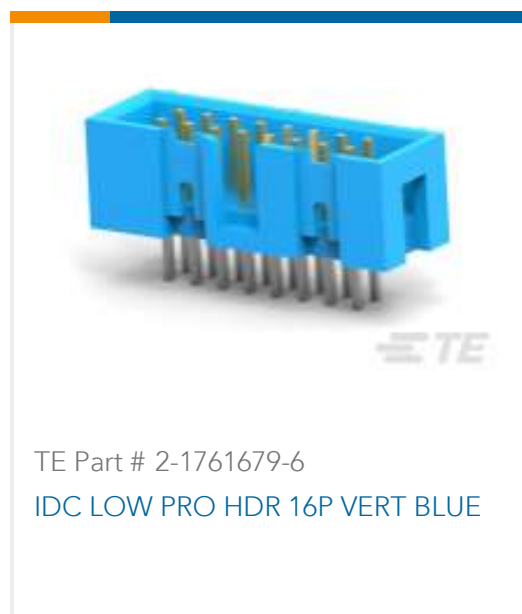
TE Part # 2-1761679-6 IDC LOW PRO HDR 16P VERT BLUE
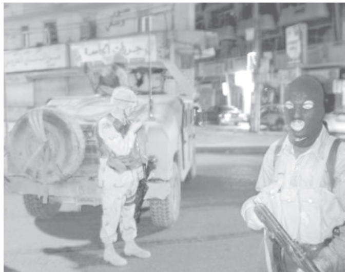
US soldiers and Iraqi police comb the Mosul commercial area, 400 kilometres late on Friday 27 Feb, 2004. Insurgents have been stepping up their attacks around the country lately and are now targeting Iraqis mostly working for the US coalition forces.
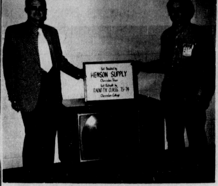
CLARENDON COLLEGE RECEIVES T.V. A used color television was recently presented to the girl's dormitory at Clarendon College by Henson's of Clarendon.

The Department of Agriculture leads the enrollment with 39 majors under a degree program and 30 in the Vocational-Technical program.
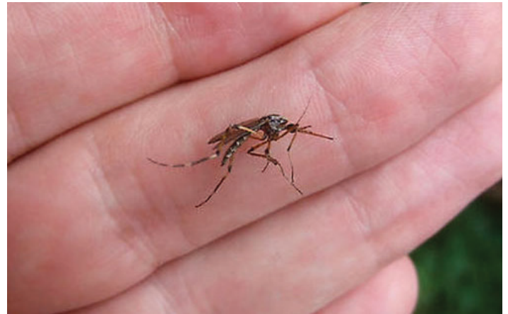
Figure 3. An adult female Psorophora ciliata showing relative size.
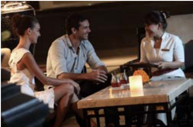
Wi-Fi allows the staff to engage guests anywhere in the hotel

The InterContinental Bali Resort began using Ubiquiti products in 2007 and has remained a loyal Ubiquiti customer for the last seven years, using UniFi APs and outdoor units to enable Internet coverage for the entire 18-hectare (44.5-acre) resort.
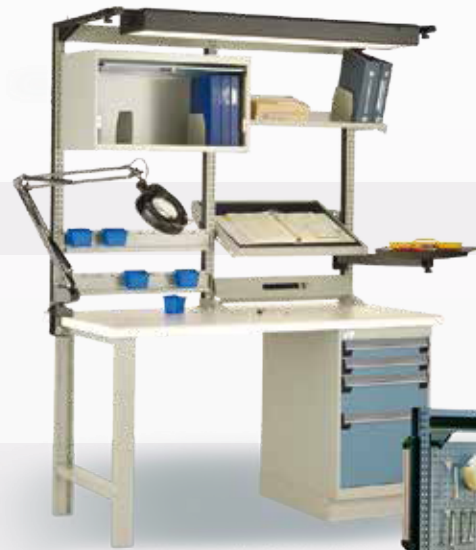
Organization Workstation System

The task
In the copy, only the lines from the one holding "The InterContinental Bali" through the end of the listing above should appear, retyped exactly, both ends included, with no pictures.

Worked solution
The InterContinental Bali Resort began using Ubiquiti products in 2007 and has remained a loyal Ubiquiti customer for the last seven years, using UniFi APs and outdoor units to enable Internet coverage for the entire 18-hectare (44.5-acre) resort.
Organization Workstation System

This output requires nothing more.